Now lets say for arguments sake all 3 kinds of traffic want to use the full 9M the queue is capable of, what will happen is this: High traffic will get 5M, Medium will get 2M, and Low will get 2M, the rest of it will be dropped. Priority defines what queue can reach it’s max-limit first, since High has the best priority it means it will get the extra bandwidth that is available after everyone has their limit-at met.

Well, I have 4 mbit line. I’ve limited qos and bandwidth control to 4096 kbit/sec and I don’t get it why I can only use 90% of my line… It’s a big waste of resources for me.

Here is what I meant about latencies:
If user downloading a file and trying to play online games, he will see long latencies (400-2000).

I simply want to make ping, online games, dns and skype traffic pass first, at least for the total traffic, not per-user.

Here’s screenshots:
withouttorrents.png
withtorrents.png
What the point of this priority, if we can’t prioritize ping, skype, games for comfortable using them?

Is priority even working when my internet link is 20-50-70% free?

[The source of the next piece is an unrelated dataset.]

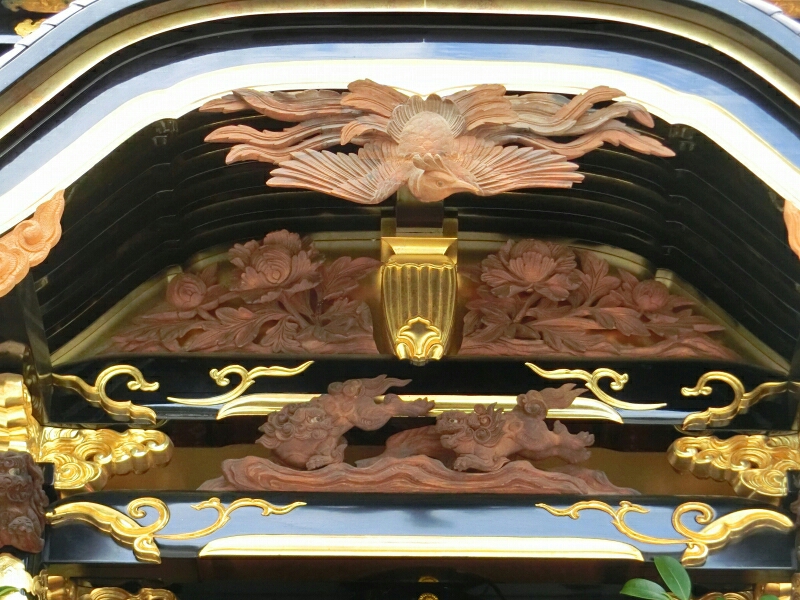太平鰭には牡丹、蟇股には唐獅子の彫刻が施され、意匠統一されています。

you should set max-limit to ~90% to make network algorithms do their work for the rest

you can directly control only transmit. everything received from your ISP is already prioritized/shaped on its side, all exceeding packets are already dropped

we had situation a few years ago when we were shaping our downlink by ourselves from ISP side - they just had access to the router to see that we’re shaping with corect speed. yep, that situation was ideal in the light of prioritization. now they shape our link on their device again - I had to limit about 10 Mbps less than our link bandwidth…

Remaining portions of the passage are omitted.